This result can be easily proved by Lemma 2.3. \(\square \)

The above result has an assumption on the wave solution which is unknown. To overcome this difficult, we shall give an easy-to-apply theorem for speed selection. We can use this general result to derive a series of explict conditions on speed selection by constructing various upper and lower solutions.

Theorem 2.8

(Linear, nonlinear selection and estimate of \(s_{\min }\)) Assume that MM holds.

(i). For \(s_1>s_0\), if there exists a monotonic lower solution \((\underline{C},\underline{N})(x-s_1t)\) of system (1.5)–(1.6) such that \(\underline{C}(z)\sim \underline{A} e^{-\mu _2 z}\) as \(z\rightarrow \infty \) with \(\underline{A}>0\), and \(\limsup _{z\rightarrow -\infty }\underline{C}(z)<1-\frac{\gamma }{k}\), then no traveling wave solution exists for \(s\in [s_0, s_1)\). Thus, we have \(s_{\min }>s_0\).

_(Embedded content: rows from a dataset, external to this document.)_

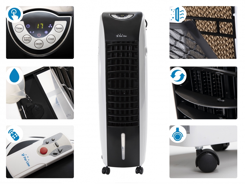 Já pensou alguma vez num sistema de ar condicionado acessível, simples e confortável para a sua casa? Esta Purline evaporativa é a solução para sobreviver ao calor, porque funciona graças a uma tecnologia de refrigeração avançada e silenciosa que retira água do seu tanque (6L) e graças ao seu painel evaporativo de celulose arrefece-a e expulsa-a, arrefecendo rapidamente o ambiente sem compressores ou refrigerantes químicos, totalmente ecológica e boa para a sua saúde.
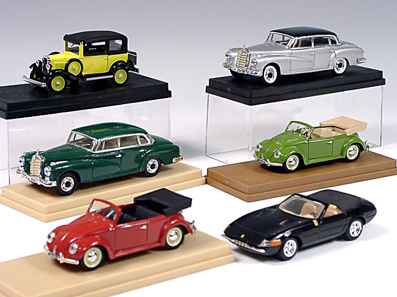 miniatures reproduisant les marques : MERCEDES, FIAT, FERRARI & VOLKSWAGEN - 5 modèles avec boîte
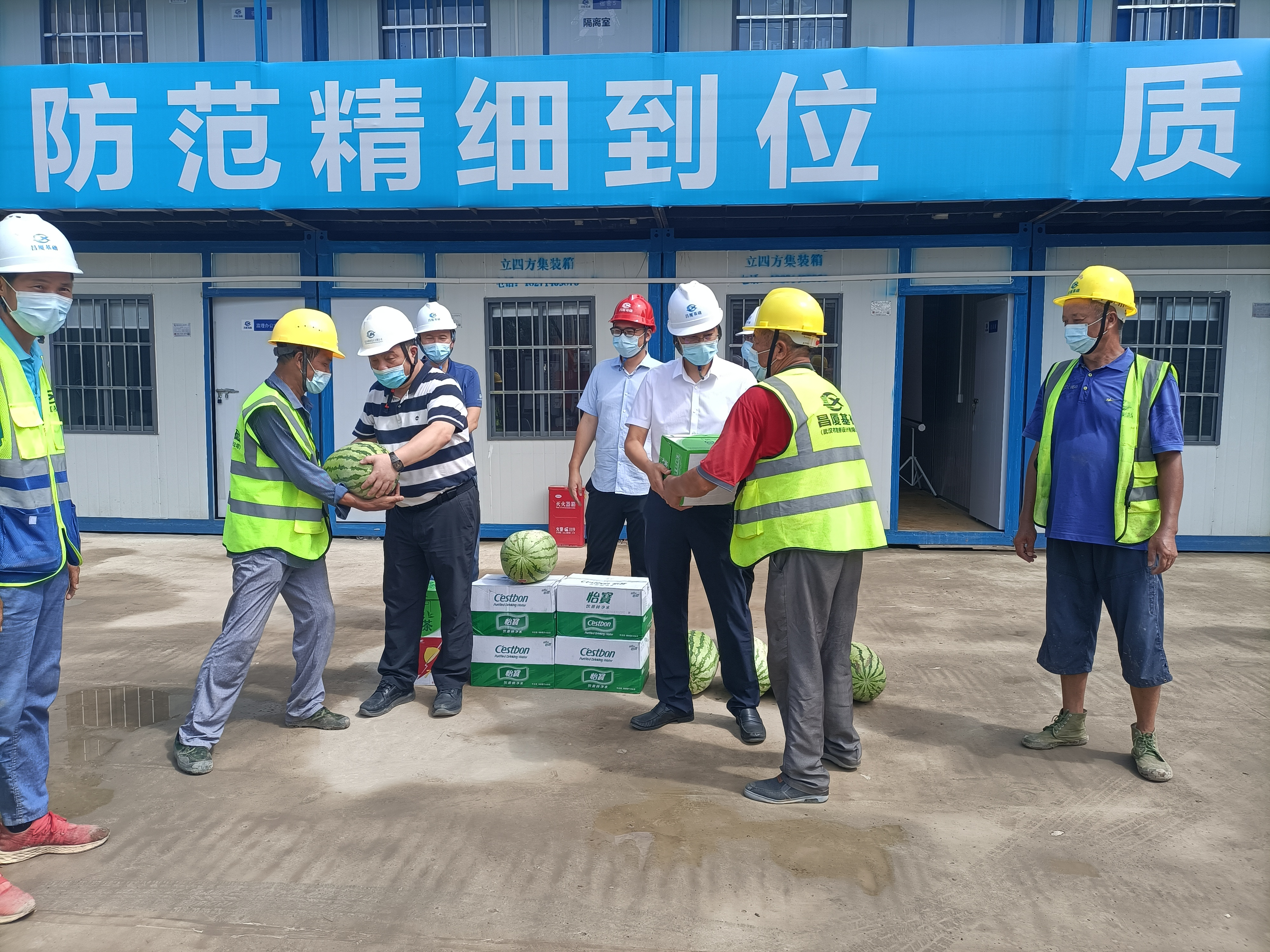 同時(shí),公司領(lǐng)導(dǎo)在項(xiàng)目現(xiàn)場開展了送清涼活動,為一線人員送上礦泉水、西瓜、花露水、藿香正氣水等防暑降溫物資及個人防護(hù)用品,并叮囑在高溫堅(jiān)守崗位的一線職工要注意勞逸結(jié)合,做好疫情個人防護(hù),消除各類安全隱患,確保夏季安全生產(chǎn)。(綜合部(黨群工作部)
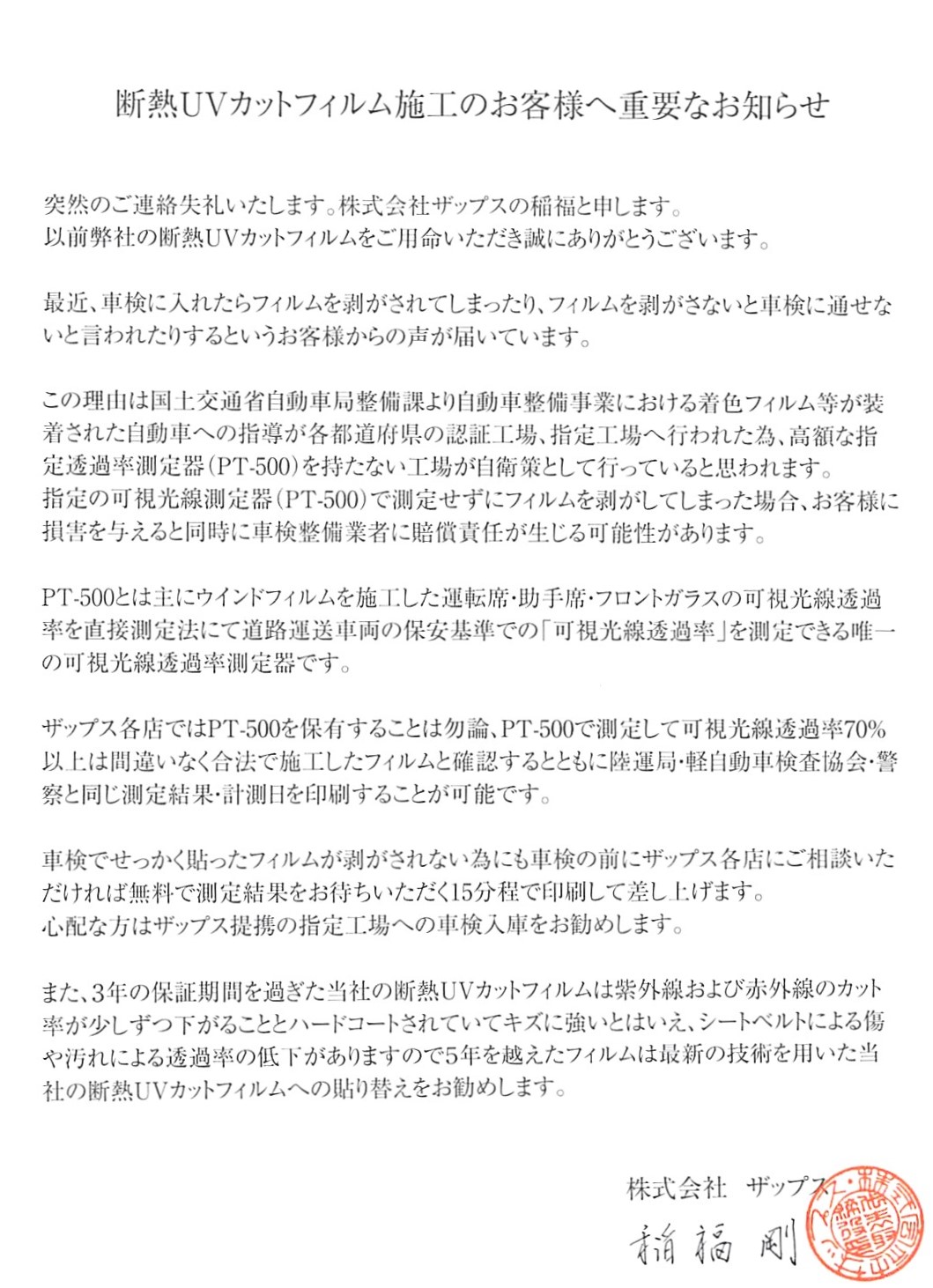 先日から、過去にザップスのフィルムを施工いただいたことのあるお客様へお知らせのお手紙✉を

(ii). For \(s=s_0+\varepsilon \) where \(\varepsilon \) is any small positive number, if there exists a nonnegative and monotonic upper solution \((\overline{C},\overline{N})(x-st)\) of system (1.5)–(1.6) such that \(\overline{C}(z)\sim \overline{A} e^{-\mu _1 z}\) as \(z\rightarrow \infty \) with \(\overline{A}>0\), and \(\liminf _{z\rightarrow -\infty }\overline{C}(z)\ge 1-\frac{\gamma }{k}\), then we have \(s_{\min }=s_0\).

Proof

For part (i), we prove it by contradiction. For \(s\in (s_0, s_1)\), we assume there exists a monotone traveling wave solution \((C,N)(x-st)\) of (1.2) with the initial conditions

$$\begin{aligned} c(0,x)=C(x),\quad n(0,x)=N(x). \end{aligned}$$

Note that \(\underline{C}(x)\le C(x)\) for \(x\in \mathbb {R}\) by shifting if necessary. According to equation (2.3), we have \((\underline{C},\underline{N})(x)\le (C,N)(x)\) for \(x\in \mathbb {R}\). By the comparison theorem, we get

$$\begin{aligned}{} & {} \underline{C}(x-s_1t)\le C(x-st), \\{} & {} \underline{N}(x-s_1t)\le N(x-st). \end{aligned}$$

Fix \(z^*=x-s_1t\) such that \(\underline{C}(z^*)>0\). Since

$$\begin{aligned} C(x-st)=C(z^*+(s_1-s)t)\rightarrow 0, \ \text {as} \ t\rightarrow \infty , \end{aligned}$$

it follows that \(\underline{C}(z^*)\le 0\), which is a contradiction.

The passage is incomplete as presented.